* What is needed
Could the records below please be retyped exactly, with their pictures left out?

Records from a dataset
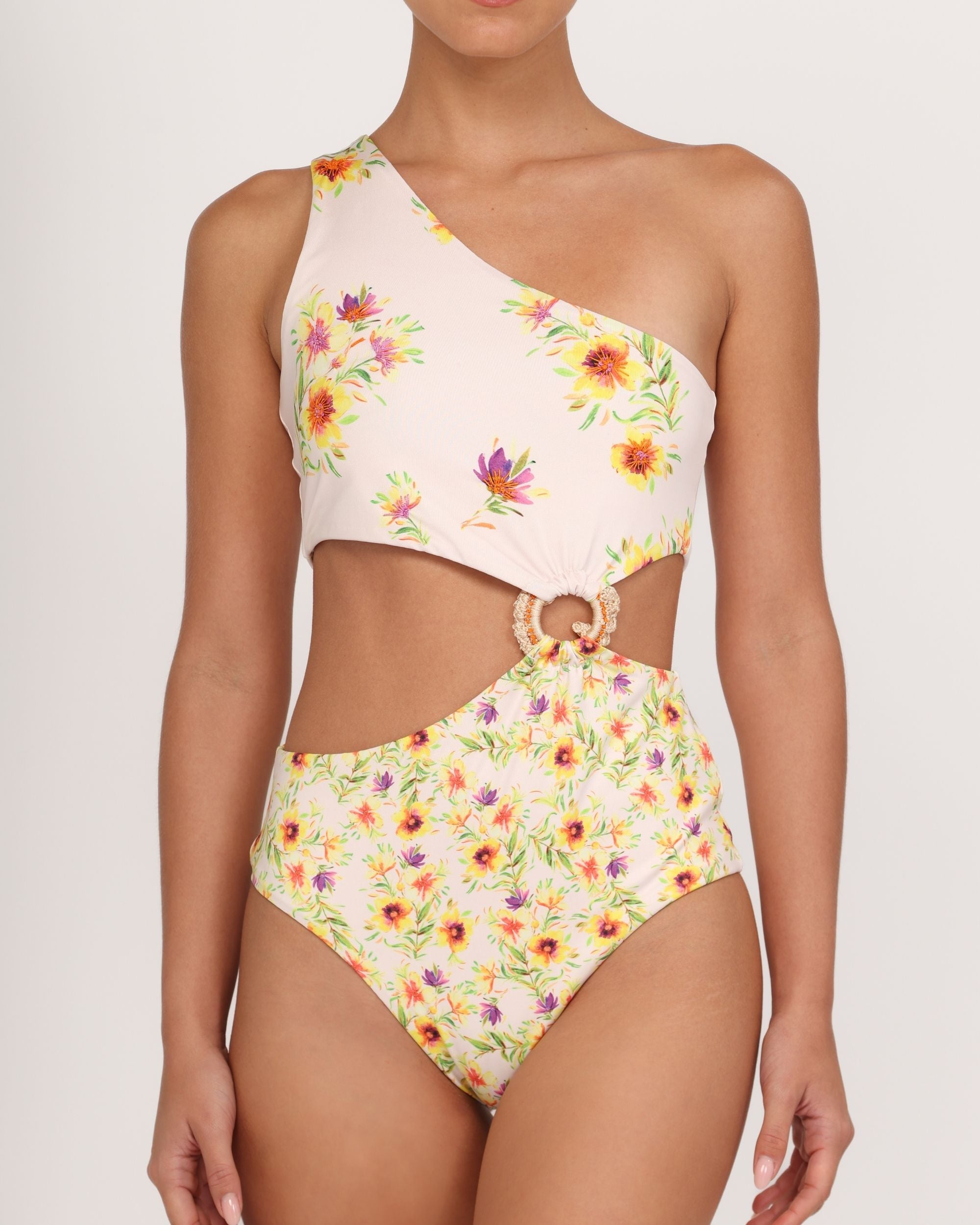 The central decorative ring adds an artisanal touch, elevating this swimsuit into a sophisticated and eye-catching design. Crafted from soft lycra with an exclusive floral print over a sand-toned base, it offers comfort, support, and style in one timeless piece.
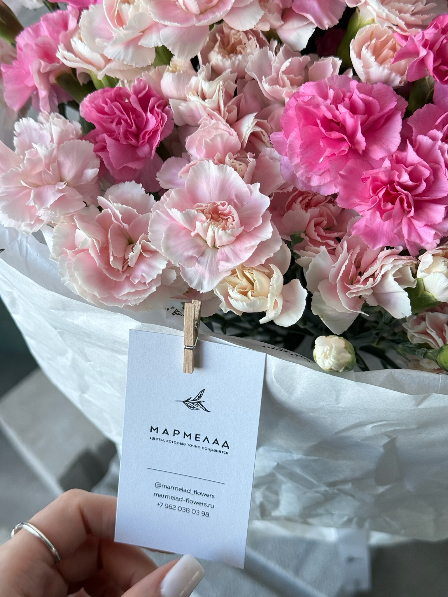 Мы пришлем вам фото готового букета, чтобы вы были уверены в своем заказе. Мы всегда стараемся чтобы фото не искажало размер и цвет
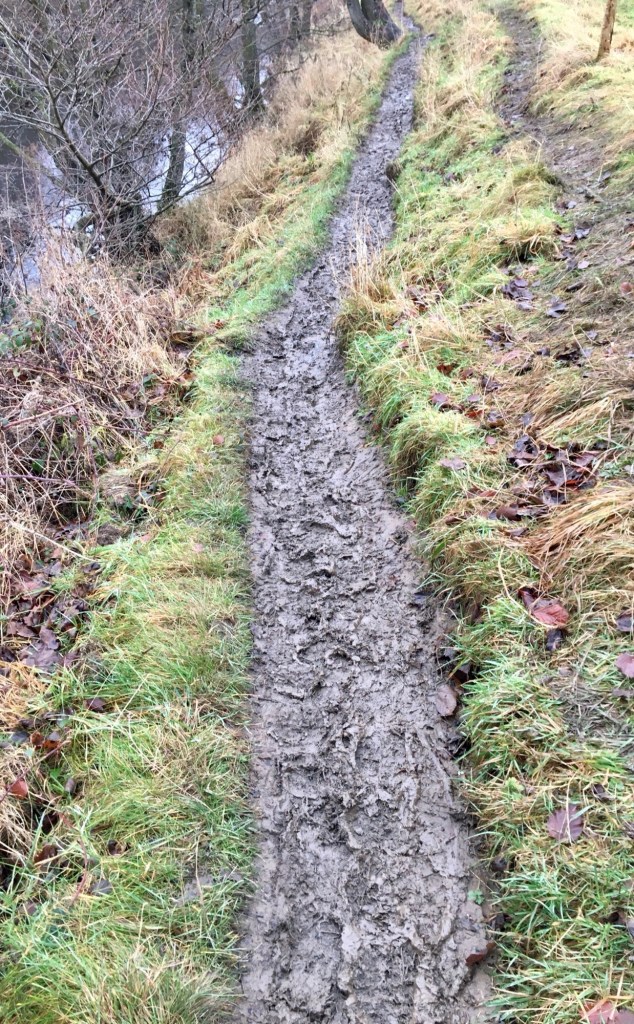 I’ve lice in my tunic and a cold in my nose.I didn’t go up Win Hill though, for two reasons: firstly, its summit, Win Hill Pike, was wrapped in low cloud; and secondly, my eye was drawn to a path which led from the road-bridge at Brough along the Noe to where it rushes in to the Derwent at the delightfully-named Shatton; and then by the path which followed the south bank of the Derwent to just south of Hathersage. On paper it looked an easy walk, and for two miles or so it was, until the path got muddier and muddier and so squelchy and slippery that my pace was considerably slower than the river’s.
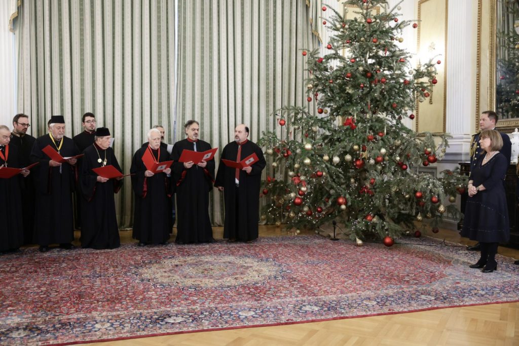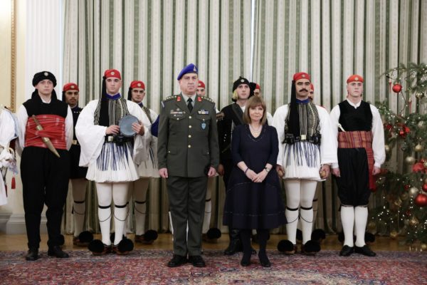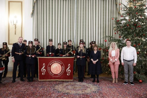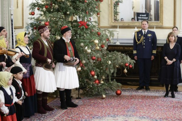 Η Μπάντα των Ενόπλων Δυνάμεων και η Προεδρική Φρουρά έψαλαν τα κάλαντα της Πρωτοχρονιάς στην Πρόεδρο της Δημοκρατίας Κατερίνα Σακελλαροπούλου.
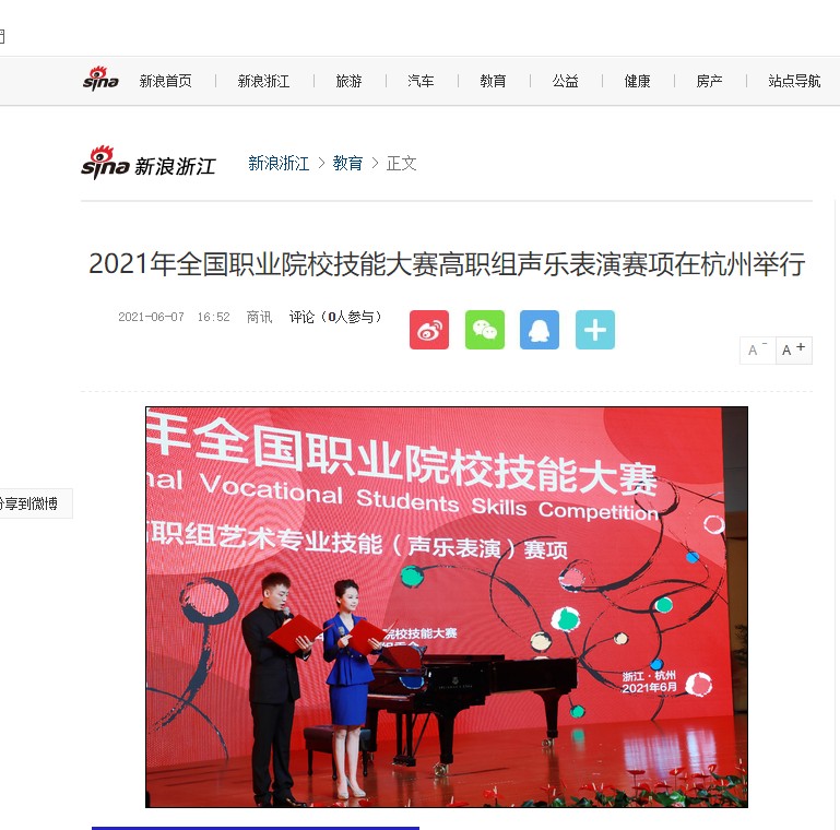 新浪浙江:2021年全国职业院校技能大赛高职组声乐表演赛项在杭州举行
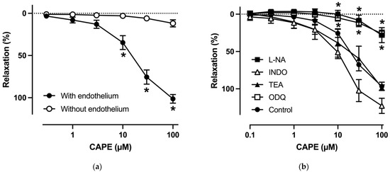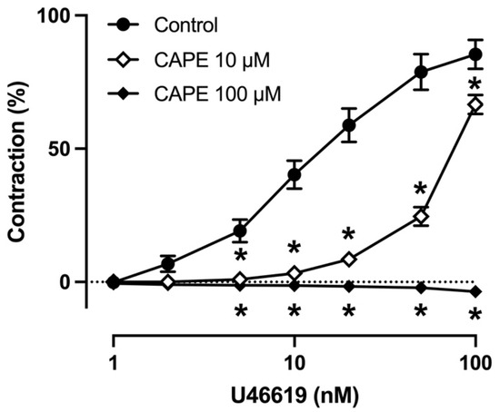 3.2. CAPE Causes Endothelium-Dependent NO-Mediated Vasorelaxation and Inhibits U46619-Induced Vasoconstriction in Porcine Coronary Arteries

* Finished task
 The central decorative ring adds an artisanal touch, elevating this swimsuit into a sophisticated and eye-catching design. Crafted from soft lycra with an exclusive floral print over a sand-toned base, it offers comfort, support, and style in one timeless piece.
 Мы пришлем вам фото готового букета, чтобы вы были уверены в своем заказе. Мы всегда стараемся чтобы фото не искажало размер и цвет
 I’ve lice in my tunic and a cold in my nose.I didn’t go up Win Hill though, for two reasons: firstly, its summit, Win Hill Pike, was wrapped in low cloud; and secondly, my eye was drawn to a path which led from the road-bridge at Brough along the Noe to where it rushes in to the Derwent at the delightfully-named Shatton; and then by the path which followed the south bank of the Derwent to just south of Hathersage. On paper it looked an easy walk, and for two miles or so it was, until the path got muddier and muddier and so squelchy and slippery that my pace was considerably slower than the river’s.
 Η Μπάντα των Ενόπλων Δυνάμεων και η Προεδρική Φρουρά έψαλαν τα κάλαντα της Πρωτοχρονιάς στην Πρόεδρο της Δημοκρατίας Κατερίνα Σακελλαροπούλου.
 新浪浙江:2021年全国职业院校技能大赛高职组声乐表演赛项在杭州举行
 3.2. CAPE Causes Endothelium-Dependent NO-Mediated Vasorelaxation and Inhibits U46619-Induced Vasoconstriction in Porcine Coronary Arteries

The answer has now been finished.